**TASK GOAL**:
Your answer must consist of the records exactly as given, with no pictures included.
*** Opening of INFORMATION SHOWN ***
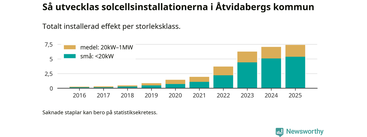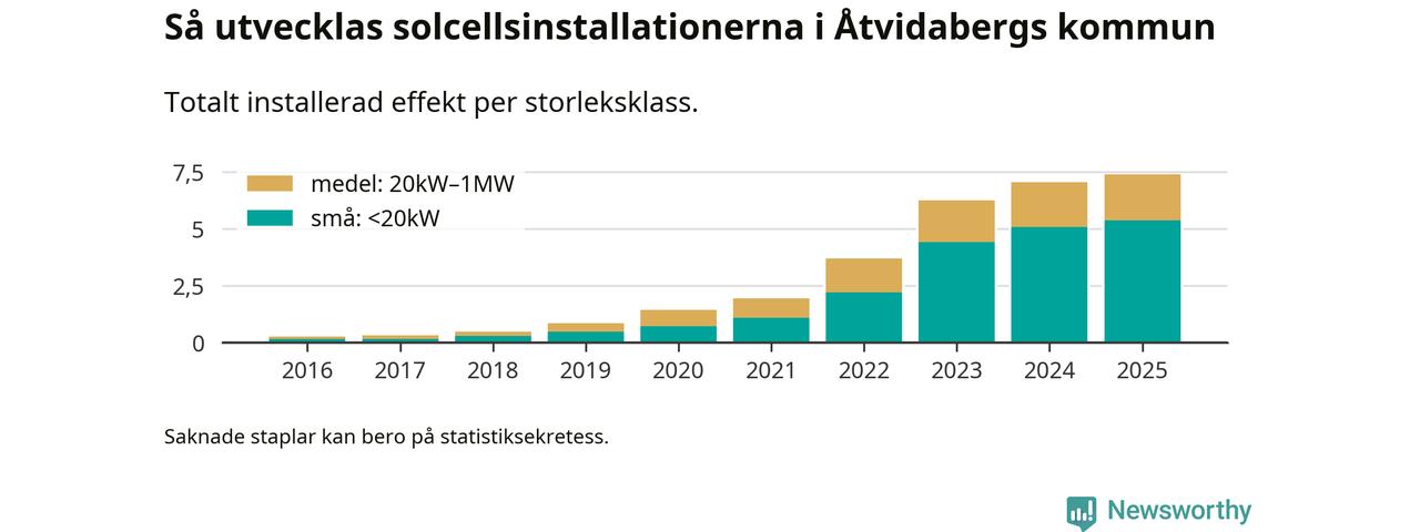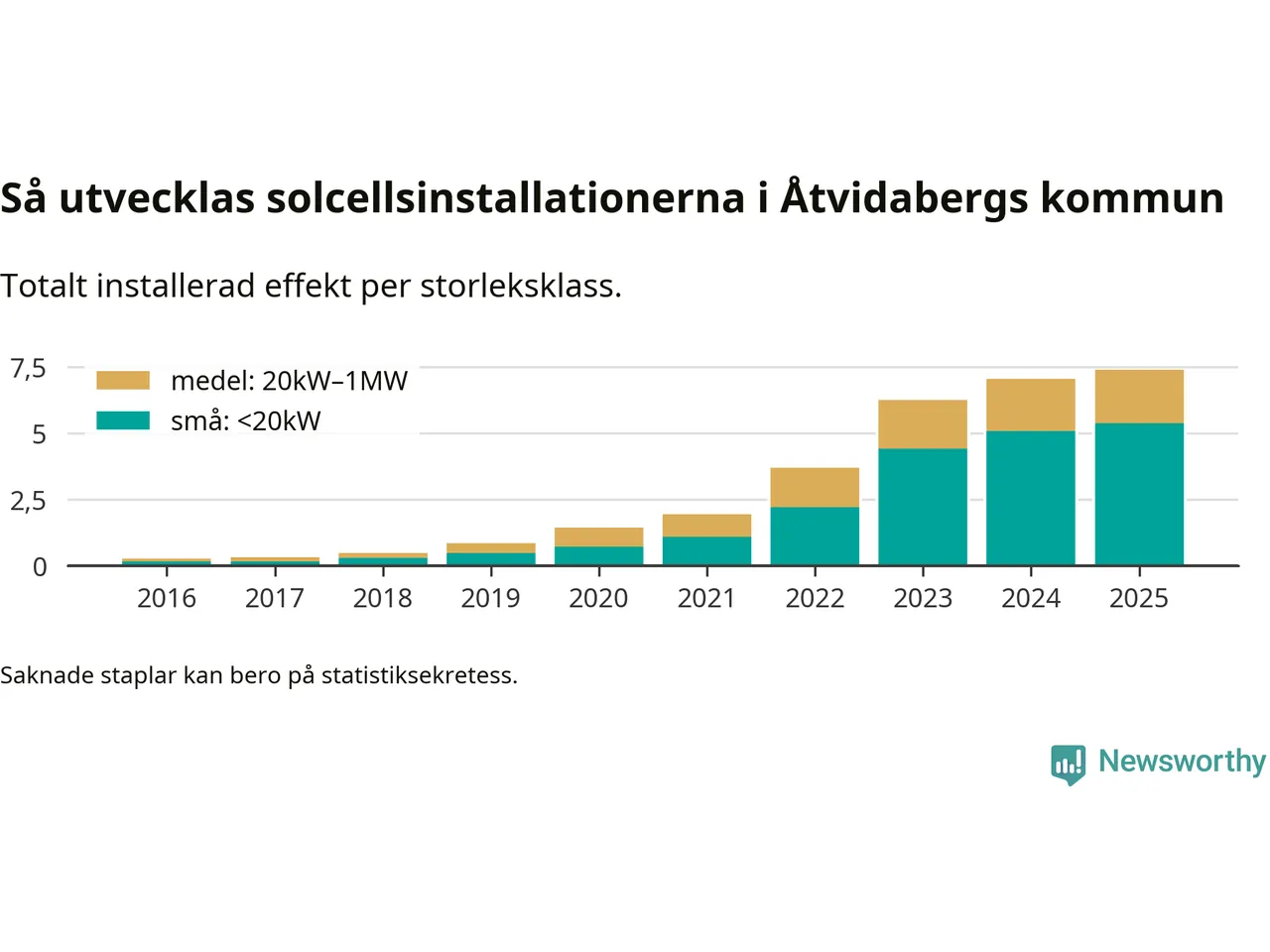 Under 2025 anslöts 350 kilowatt ny solel till elnätet i Åtvidabergs kommun, en ökning med 5 procent jämfört med året innan.
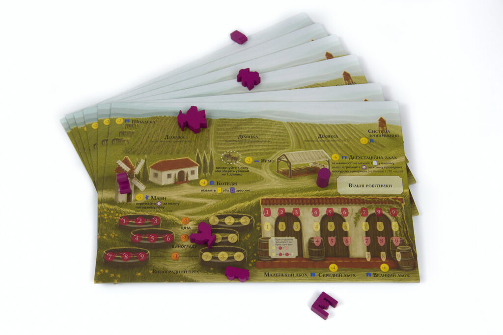 Виноробство – це українське видання стратегічної гри від Джеймі Стегмайера про створення своєї власної успішної справи по виноробству. Гравці починають з невеликою виноградною фермою, розвиваючи своє ім’я в успішну і популярну марку.
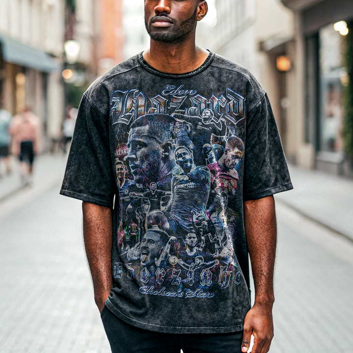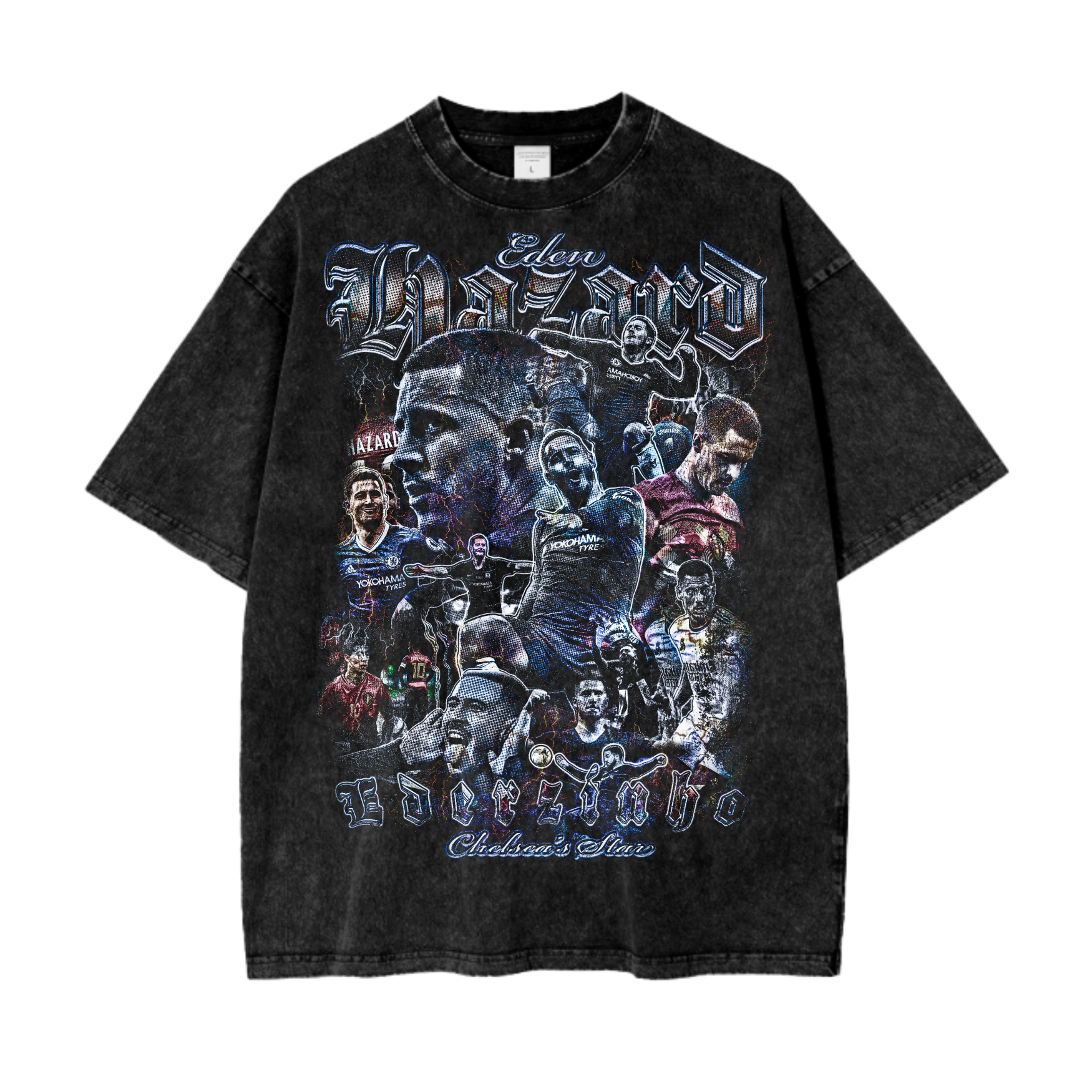 This vintage Eden Hazard tee explodes with dynamic energy, capturing the Belgian maestro in a flurry of fearless dribbles, goals, and signature flair. The front design bursts with color and layered action shots from his Chelsea prime, while the back features a triumphant pose framed by bold gothic lettering—celebrating a player whose creativity and explosiveness made defenders tremble.
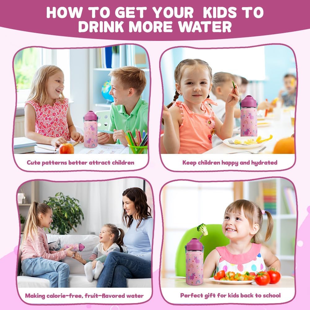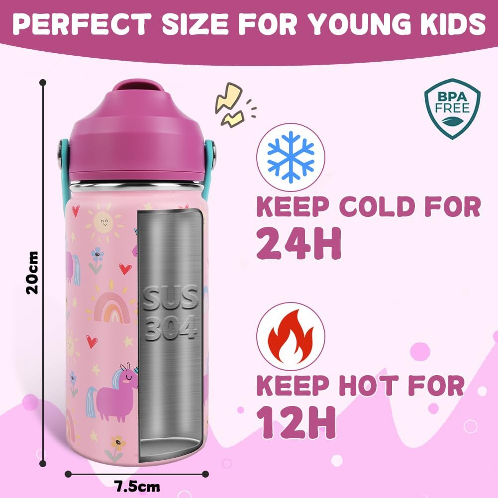 【Excellent Thermal Insulation】With double-layer vacuum insulation technology, the stainless steel water bottle for children can keep the drink hot or cold for a long time, suitable for hot chocolate in winter and refreshing water in summer. It can keep your child’s drinks cold for up to 24 hours and hot for 12 hours.
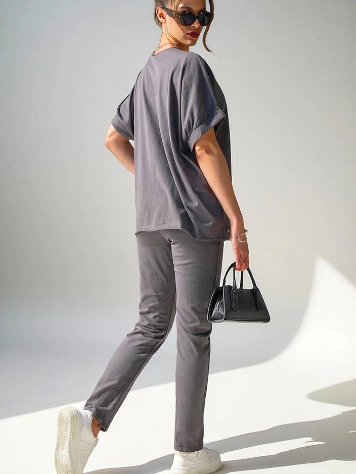Royalfashion Жіночий комплект з бавовни з коротким рукавом та прямими штанами
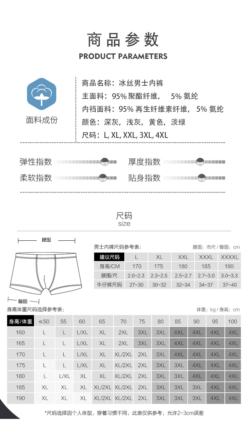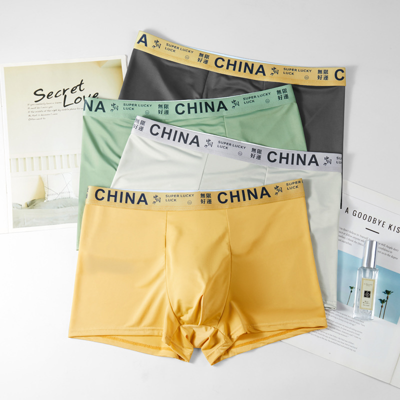 男士冰丝内裤无痕四角裤 夏季超薄透气男生平角裤 大码中腰内裤男
*** Close of INFORMATION SHOWN ***
**RESPONSE BOX**:
 Under 2025 anslöts 350 kilowatt ny solel till elnätet i Åtvidabergs kommun, en ökning med 5 procent jämfört med året innan.
 Виноробство – це українське видання стратегічної гри від Джеймі Стегмайера про створення своєї власної успішної справи по виноробству. Гравці починають з невеликою виноградною фермою, розвиваючи своє ім’я в успішну і популярну марку.
 This vintage Eden Hazard tee explodes with dynamic energy, capturing the Belgian maestro in a flurry of fearless dribbles, goals, and signature flair. The front design bursts with color and layered action shots from his Chelsea prime, while the back features a triumphant pose framed by bold gothic lettering—celebrating a player whose creativity and explosiveness made defenders tremble.
 【Excellent Thermal Insulation】With double-layer vacuum insulation technology, the stainless steel water bottle for children can keep the drink hot or cold for a long time, suitable for hot chocolate in winter and refreshing water in summer. It can keep your child’s drinks cold for up to 24 hours and hot for 12 hours.
Royalfashion Жіночий комплект з бавовни з коротким рукавом та прямими штанами
 男士冰丝内裤无痕四角裤 夏季超薄透气男生平角裤 大码中腰内裤男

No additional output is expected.